Earlier this week, our pastor posted a request on Facebook explaining that his next sermon series would be on dealing with conflict and asked if anyone would like to share thier experiences. I knew that I had done some writing on conflict pain in the past and checked my documents to see if I could find it. The piece I had wrote just happened to be exactly one year previous to when he is starting this new series. Here is what I had wrote:
April 21, 2008
We watched a video at church yesterday and one sentence stood out to me that was over the head of a woman - “avoids relationships for fear of pain”. (http://www.youtube.com/watch?v=LfeXxkbgCVE) I am that woman. It hit me like a ton of bricks. I have broken most all of my relationships with friends and family. Those still intact only consist of surface conversations and smiles. My intimacy with my husband is gone because I fear intimacy with anyone. It only gives them more of an opportunity to hurt me. Of course people have hurt me over the years – everyone gets hurt but the last five years seem like the hurt was constant between friends, church, family and husband. Getting angry and walking away is my learned defense mechanism. It is all I know now. I don’t know how to overcome this. I don’t know how to trust again. I don’t know how to let anyone in. I feel like my heart has shriveled up and has nothing to sustain it. I avoid sharing my feelings because it only leads to being hurt once again. I can’t endure any more pain. I used to be a loving, compassionate, gentle person who enjoyed people but I now see people as something to avoid. My husband asks where this person has gone, but I don’t know what to tell him. I want superficial relationships so I can be in control. It is not fair to those around me but I don’t know how to change.

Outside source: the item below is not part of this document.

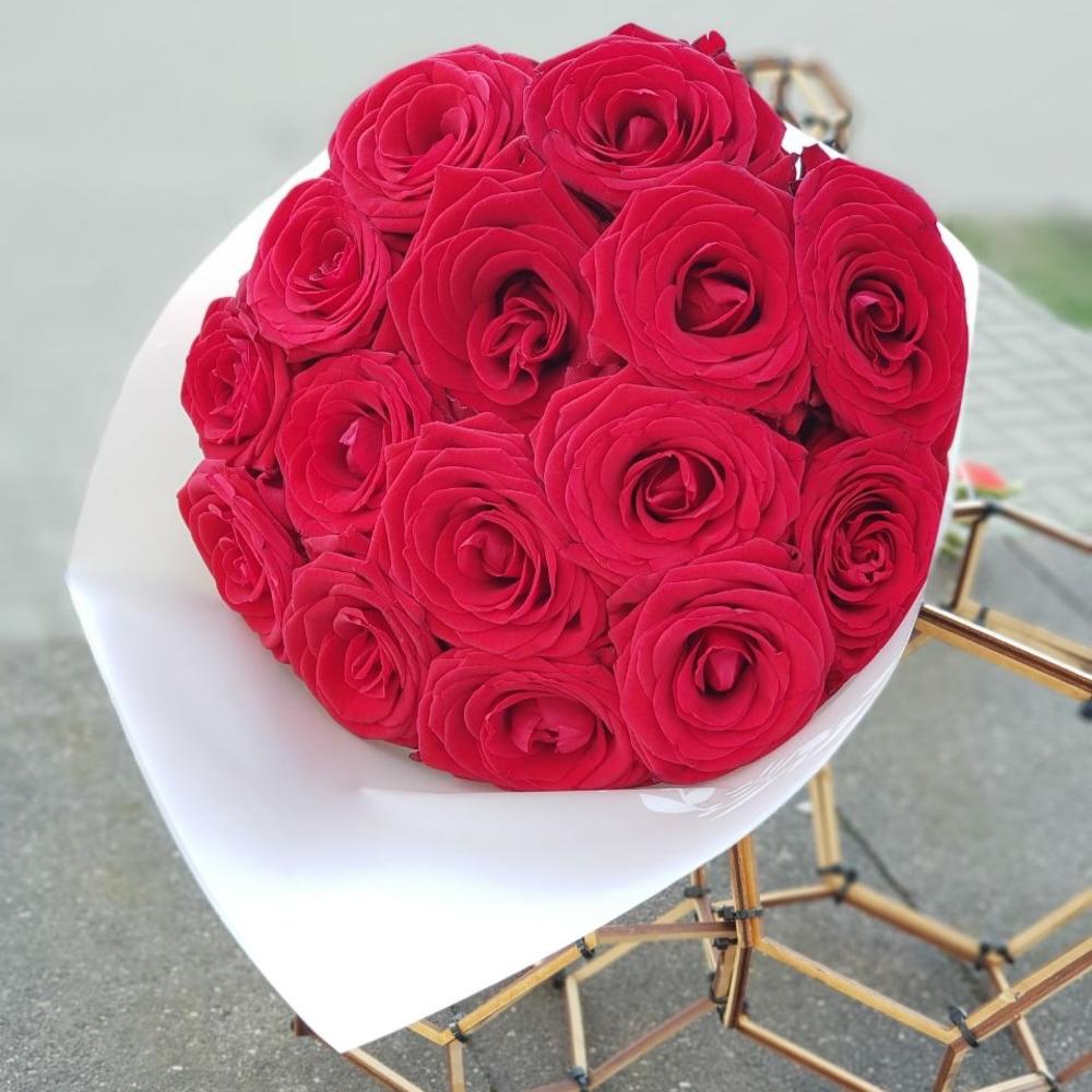 15 больших свежих красных роз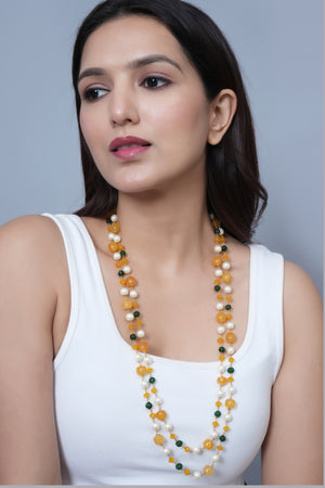 Yellow Stone Double Layered Beads Pearl Long Mala

I thanked God because of the differences He has made in my heart since I wrote the above. Here is what He has been up to:
A few months ago, God began prompting me to restore broken relationships. My pride was instantly flared by even the thought of asking for forgiveness from people who had hurt me so badly. God has prepared my heart each day for this time as I have watched Him soften my heart. He continued to make His will apparent through sermons, devotions, His Word, and words from others. Mike and I had already forgiven each other and were connected once again, and I had inched my way back into some friendships but my previous church family was who God pulled me to. He showed me many ways that I had sinned against my church family and how I needed to ask for their forgiveness so that my relationship with Him could continue to grow. It was humbling to consider that my heart was not the only one that had been hurt. It took every ounce of courage I had and the strength of God to contact the church and ask to meet with the board. When the meeting was over, the Pastor suggested that I pray about individuals that God wanted me to contact. I prayed and instantly had a list on my heart. It would have been very easy to leave it at that but it wasn't in God's plan. I have now spoke face-to-face with the people God laid on my heart. I have asked for forgiveness from each one. The bitterness is gone. We recently attended our old church for some family baptisms and I really enjoyed the visit. I didn't feel tense, stressed and bitter like times before but at peace with the people and with God. His amazing love does amazing things in my heart.
Conflict can cause much pain but forgiveness brings much peace.
Please be praying as I will be sharing this during our church services tomorrow.
Isaiah 51:1 "Listen to me, you who pursue righteousness, who seek the Lord: Look to the rock from which you were hewn and to the quarry from which you were dug."
Have a great day and a great weekend!